The problem
Onchain governance and public-goods funding are broken by Sybil attacks: one person spins up thousands of wallets and drowns out honest voters. Existing fixes are weak or centralized — biometrics (privacy-hostile), social graphs (collusion-prone), or single-company KYC (a new gatekeeper).
Meanwhile, every EU citizen is getting a state-issued digital identity (eIDAS 2.0 EUDI Wallet, mandatory by end-2026; in Croatia already live as Certilia, eIDAS High assurance). That trust anchor exists — but there is no open, privacy-preserving bridge from it to a public blockchain.
What we build
A protocol that turns a verified national eID login into a soulbound token (SBT) on Gnosis Chain, where one person = one identity across any number of wallets, enforced by a non-reversible nullifier = HMAC(OIB) — the raw national ID never touches the chain or any plaintext store (GDPR by design).

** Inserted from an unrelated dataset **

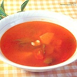 Peal the potatoes and carrots, and remove the seeds of the cucumbers. Cut the cabbage, mushrooms and tomatoes into slices. Heat the oil in a wok. Put in the ketchup and fry it till there is red oil. Add the vegetables and 750 grams (1.5 cups) of water, bring it to boil over strong fire. Then turn the fire to low and let it simmer for 5-6 minutes until the potatoes are soft. Add the salt, MSG and sugar and pour out into the soup bowl to serve.
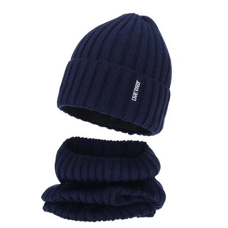 Komplet zimní chlapecký: čepice a tunel, modrý, s merino vlnou, podšitý fleece, Banasko

- Source-agnostic: Certilia today, EUDI Wallet (SD-JWT VC / mDoc) tomorrow → works for all 27 EU states.
- Composable: a public-chain SBT usable by any DAO, quadratic-funding round, or onchain vote — unlike the EU's permissioned EBSI.
- Private voting: MACI / Semaphore zk-nullifiers give one-person-one-vote without linking vote to citizen, with receipt-freeness (anti-vote-buying).
Why it's novel (verified prior-art scan)
Every component has neighbors (World ID, Rarimo/zkPassport, EBSI, Acurast), but the specific bridge — a live national eID (OIDC) → onchain personhood SBT — is an unoccupied space. World ID uses biometrics; Rarimo uses passport NFC; EBSI is permissioned and off-DeFi. We root in the EU's own mandatory eID and land it on a public, composable chain. The nullifier-registry + zk design mirrors proven practice (World ID); our differentiator is the eID root + EU-standard alignment + Croatian first-mover.
Why fund it as a public good
- 100% open source — contracts, verifier node, docs. ITalk is a non-custodial software provider; regulated identity issuance stays with licensed parties (AKD/Certilia, EUDI). Minimal GDPR surface.
- EU-strategy aligned — directly complements eIDAS 2.0 / EUDI Wallet rollout (2024–2027) with the self-sovereign, composable layer the regulation itself gestures at (Recital 14: "zero-knowledge proof").
- Reusable by everyone — municipalities, associations (udruge), cooperatives, DAOs, participatory budgets.
What we're asking for
| Track | Program | Ask | Use |
|---|---|---|---|
| Now | EU NGI Pilots (cascade funding, no consortium needed) | ~€60,000 | MVP: IdentityRegistry + PersonhoodSBT + verifier-A (zkTLS-over-Certilia), open-sourced |
| Next | Gnosis / GnosisDAO ecosystem grant | €25–100k | Deploy, audit prep, Safe/relayer integration |
| Next | Optimism RetroPGF / Octant / Gitcoin | retro | Reward shipped public-good usage |
| Later | Digital Europe / EUDI Large-Scale Pilot (via consortium: POTENTIAL/EWC/NOBID/DC4EU) | consortium share | EUDI Wallet source (SD-JWT VC/mDoc), pan-EU |
Milestones (12 months)
MVP
Nullifier registry + SBT contracts on Gnosis testnet; verifier-A (zkTLS/Certilia) PoC; mock issuer/verifier harness.
Pilot
First real Croatian-eID mints; a live association (udruga) vote; nodes on the public map.
Privacy
MACI/Semaphore anonymous voting; pepper threshold-custody.
Decentralize & EU
Optional Android verifier mesh (on Acurast substrate); EUDI Wallet verifier track; security audit.
Team & assets
ITalk d.o.o. (est. 2016, Zagreb) — already ships the surrounding stack: Certilia eID verification in production (domovina-api), a self-custody EURe wallet + Safe/relayer rail (pay.domovina.ai), an out-of-band SMS proof gateway (sms.domovina.ai), and a public GIS map of Croatia (karta) to visualize the node network. This protocol is the identity layer that ties them together.
Not investment/legal advice. Freedom-to-operate note: a formal patent/FTO review is planned before any commercialization; the protocol is released as an open public good, not a patented product.